This repository provides tools to process the RadImageNet dataset, converting it into a refined and stratified organization suitable for various medical imaging applications.
For detailed information, refer to our preprint paper: [Policy Gradient-Driven Noise Mask](https://arxiv.org/abs/2406.14568).
If you use this code in your research, please cite our paper:
```bibtex
@inproceedings{yavuz2025policy,
title={Policy Gradient-Driven Noise Mask},
author={Yavuz, Mehmet Can and Yang, Yang},
booktitle={International Conference on Pattern Recognition},
pages={414--431},
year={2025},
organization={Springer}
}
```
## Performance Comparison of ResNet Models
This table compares the performance of ResNet models pretrained on 2D RadImageNet using regular and Two2Three convolution techniques across various metrics:
| Model | Precision (macro) | Recall (macro) | F1 Score (macro) | Balanced Accuracy | Average Accuracy |
|-----------|-------------------|----------------|------------------|-------------------|------------------|
| ResNet10t | 0.4720 | 0.3848 | 0.3998 | 0.3848 | 0.7981 |
| ResNet18 | 0.5150 | 0.4383 | 0.4545 | 0.4383 | 0.8177 |
| ResNet50 | 0.5563 | 0.4934 | 0.5097 | 0.4934 | 0.8352 |
We recommend adapting the code for benchmarking other models, which can be found here: [https://github.com/pytorch/vision/tree/main/references/classification](https://github.com/pytorch/vision/tree/main/references/classification).
## ResNet Models and Weights
The model codes are shared through [https://github.com/convergedmachine/Refined-RadImagenet/](https://github.com/convergedmachine/Refined-RadImagenet/).

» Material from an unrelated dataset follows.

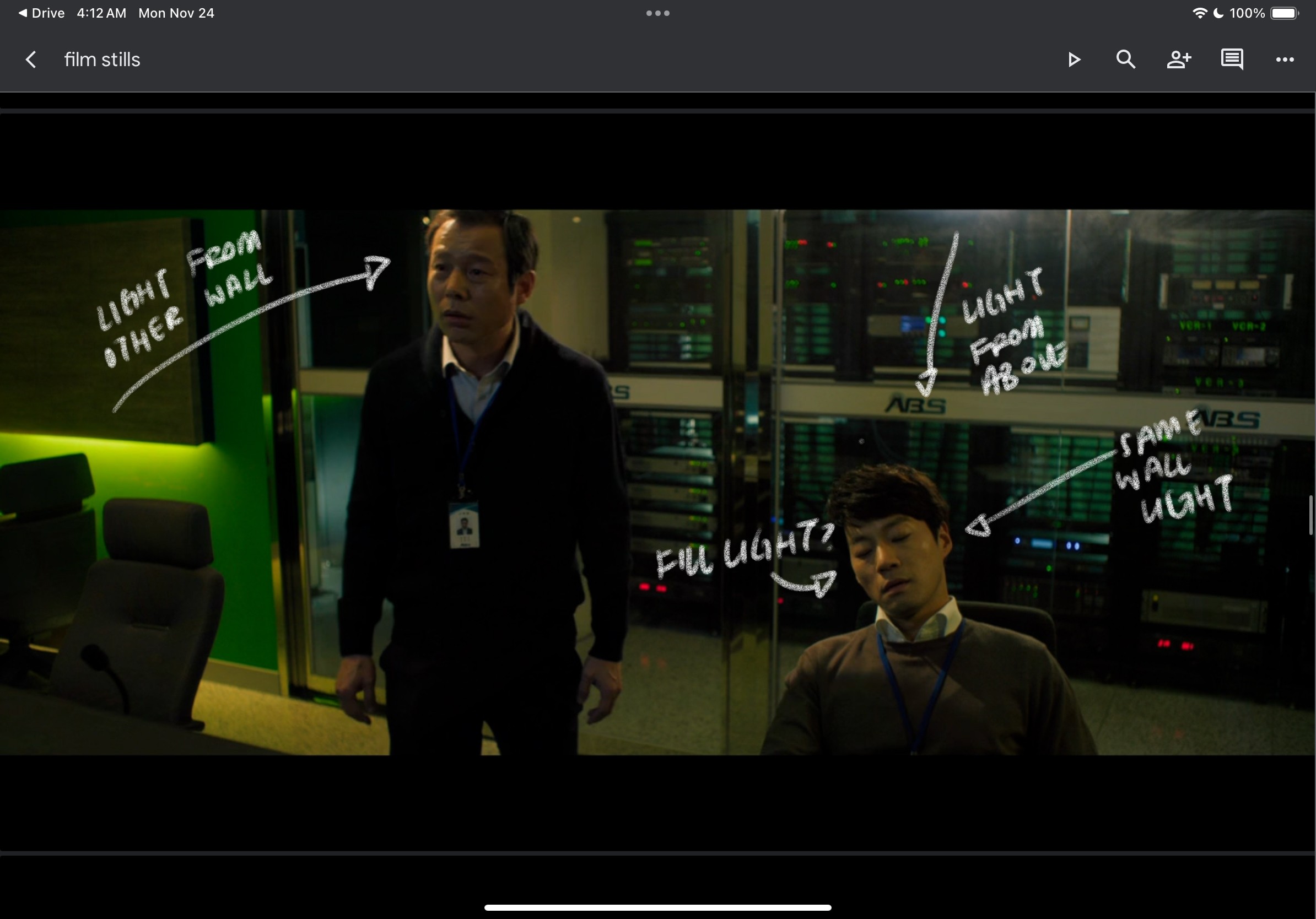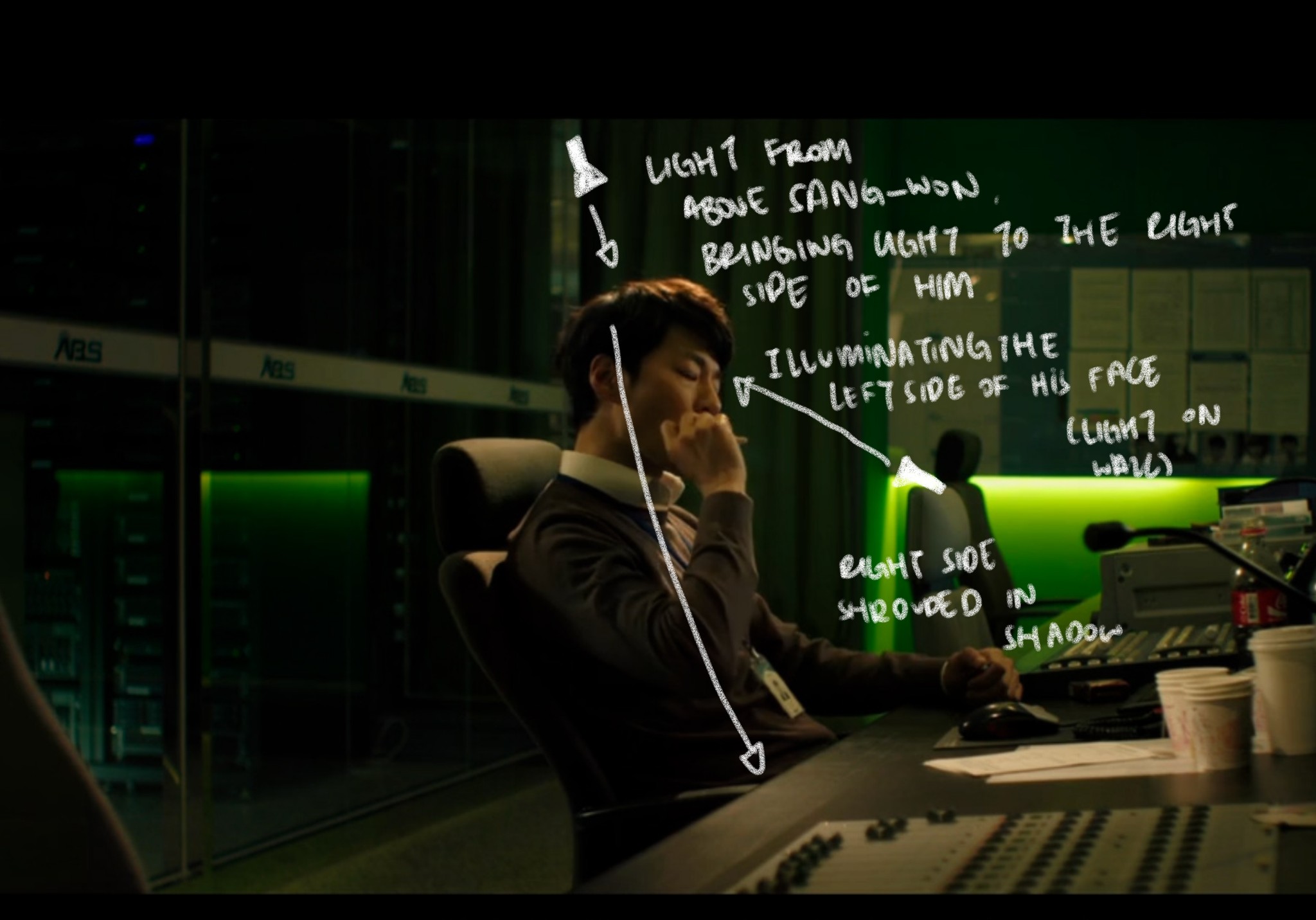 However, it appears as if there is another light coming from below Sang-won, on the other side of his face. It serves as a fill light, where it softens the shadows on his face.

To create a model using the `timm` library:
```python
import timm
model = timm.create_model('resnet10t', num_classes=165)
```
Replace `'resnet10t'` with `'resnet18'` or `'resnet50'` as needed.
## Folder Structure
```
correction_masks/
data/
weights/
output/
source/
correction_masks.tar.gz
radimagenet.tar.gz
RadiologyAI_test.csv
RadiologyAI_train.csv
RadiologyAI_val.csv
process.py
measure_acc_metrics.py
```
### Files & Directories
- **correction_masks/**: Contains correction masks for the images.
- **data/**: Contains the extracted radiology images.
- **weights/**: Directory for model weights.
- **output/**: Directory for output files.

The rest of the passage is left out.